# Vietnamese ASR Evaluation - HuggingFace Integration

This notebook demonstrates how to use HuggingFace datasets with the Vietnamese ASR evaluation pipeline.

[![Open In Colab](https://colab.research.google.com/assets/colab-badge.svg)](https://colab.research.google.com/github/quangnt03/vietnamese-asr-benchmark/blob/main/huggingface_integration_example.ipynb)

**Note**: This notebook is compatible with Google Colab. The setup cells below will automatically install dependencies and clone the repository.

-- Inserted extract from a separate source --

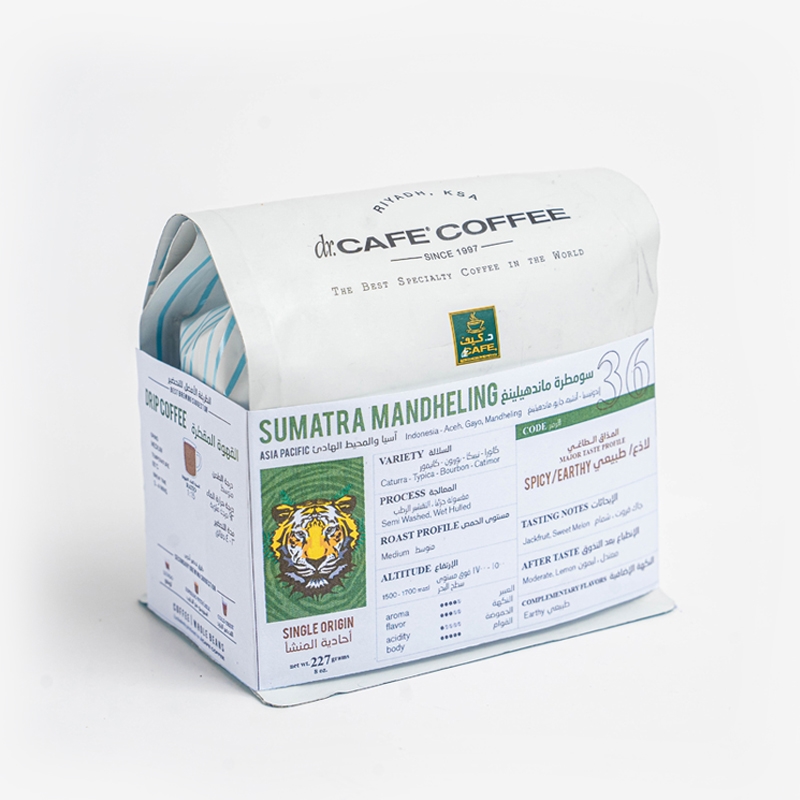 حبوب قهوة وحيدة المنشأ من أندونيسيا آتشيه، جايو، ماندهيلنج الذي تحتوي على مكونات ترابية وجاك فروت ونوتات شمام حلوة

## [CONFIG] Google Colab Setup

Run these cells if you're using Google Colab. They will:
1. Detect if running on Colab
2. Clone the repository
3. Install all required dependencies
4. Set up the environment

In [1]:
# Check if running on Google Colab
try:
    import google.colab
    IN_COLAB = True
    print("[OK] Running on Google Colab")
except:
    IN_COLAB = False
    print("[OK] Running locally")

[OK] Running locally


In [2]:
# Clone repository and install dependencies (Colab only)
if IN_COLAB:
    print("Setting up environment for Google Colab...\n")
    
    # Clone the repository
    print(" Cloning repository...")
    !git clone https://github.com/quangnt03/vietnamese-asr-benchmark.git
    
    # Change to repository directory
    import os
    os.chdir('vietnamese-asr-benchmark')
    print(f"[OK] Changed directory to: {os.getcwd()}")
    
    # Install dependencies
    print("\n[PACKAGE] Installing dependencies...")
    !pip install -q -r requirements.txt
    
    print("\n[OK] Setup complete! You can now run the notebook.")
else:
    print("Skipping Colab setup (running locally)")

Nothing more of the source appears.